The king looked closely into the eyes of the young man and said, very quietly: “In one year I want your life.”
“ I beg your pardon. In what sense do you mean that you want my life?”
“In one year - after you have enjoyed all that your heart - desires for 365 days - you will be killed. It will be done without any pain, I assure you. You will die in complete peace after having enjoyed one whole year of your chosen bliss. Is this not fair?”
“And if I refuse?”
“Well then, of course you are free to go. I will hold no grudge against you. You will have answered my question in part. Next time I am wondering what is the most important thing in life I will know that bliss is important, but to live one year and a day is more important. So how do you choose?”
“Well, if you don’t mind I would rather not. Thank you. I will be going now, if you will excuse me.”
The king raised his hand. “Not so fast young man.
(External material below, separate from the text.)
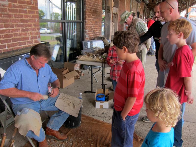 Building on their International Archaeology Day program from last year, the AIA-North Alabama Society shifted their Archaeology Fair from the local university campus to historic Lowe Mill, a large former textile mill, now a rising home for music, art, and culture. The event coincided with the weekly open studio day, so some visitors were there specifically for this year’s event and others dropped in because it looked fun! They had an archaeology lab tour, information tables, and hands-on activities including pottery making, atlatl throwing, the Native American game, chunkey, and a flint-knapping demo. In the evening a public lecture on “Eating in the Valley: Woodland Foodways along the Tennessee River.” was offered
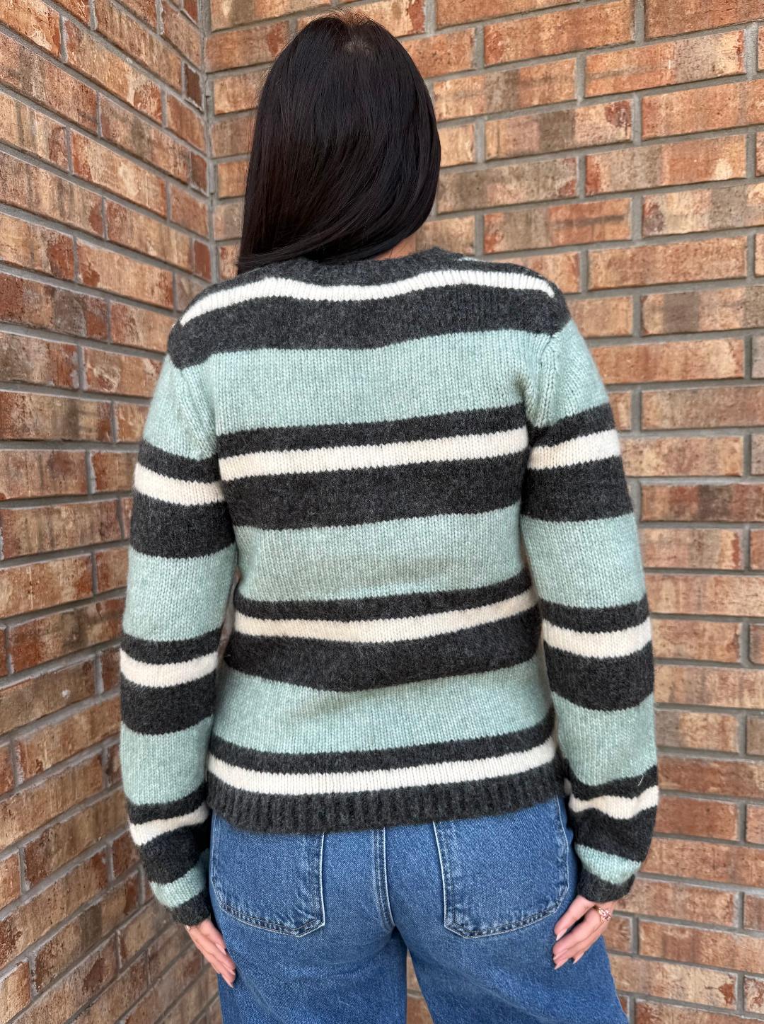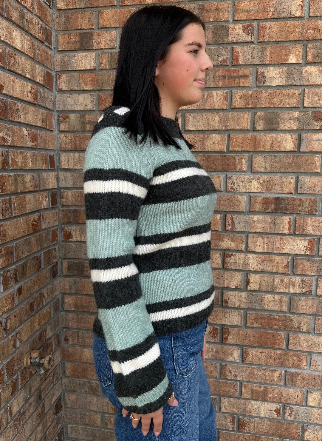 This striped sweater is a cozy statement piece with a playful yet classic vibe. Designed in wide horizontal stripes of soft mint green, charcoal grey, and creamy white, it offers a fresh contrast that feels both modern and timeless. The knit is slightly fuzzy for a warm, inviting texture, while the relaxed fit and crew neckline make it easy to wear for everyday comfort. Ribbed trims at the hem, cuffs, and neckline add structure and polish. It’s the perfect throw-on sweater to pair with denim for casual days, or to layer over a collared shirt for a preppy twist.

Let me change my offer so that you will enjoy all the things you desire for five whole years, rather than one. And on the last day of the fifth year you shall die peacefully and without pain. Now will you take my offer?”
The young man took a moment to reflect on what he was being offered. Five years of sensual delights I such as few men could possibly enjoy, and then certain death.
“No. No thank you. I think I should be going..”
“Ten years, then,” the king said.
The young man thought a little longer. He was tempted. But again he refused. The king increased his offer to twenty, then thirty, then forty years. Finally, he said: “My last offer to you is that you should live as you desire for eighty years and then die peacefully but unnaturally. How do you choose?”
The young man thought. In eighty years he would be 100 years of age. What did he have to lose from such an agreement. It was unlikely that he should live to such an age.
“I accept,” he said. “When do I begin?” The king shook his head.
“I am sorry,” he said, “but I am withdrawing my offer. You have answered my question. Had you accepted one year of bliss in return for your life then I would have known that wealth, status and the satisfaction of the senses give life its meaning. Even had you accepted forty years and the certainty of death at sixty I could have drawn from this an inference about the things that give meaning to life. But in the end you have shown me that the meaning of life is life itself. Above all else you wanted to simply go on living. You would give up all that I had offered you for another day of living, even living in poverty and frustration. But thank you, young man, for helping me answer these questions. You may go in peace.
The young man turned to go, but then he turned back to the king and said: “Could we backtrack a little and discuss the fifty year option again?”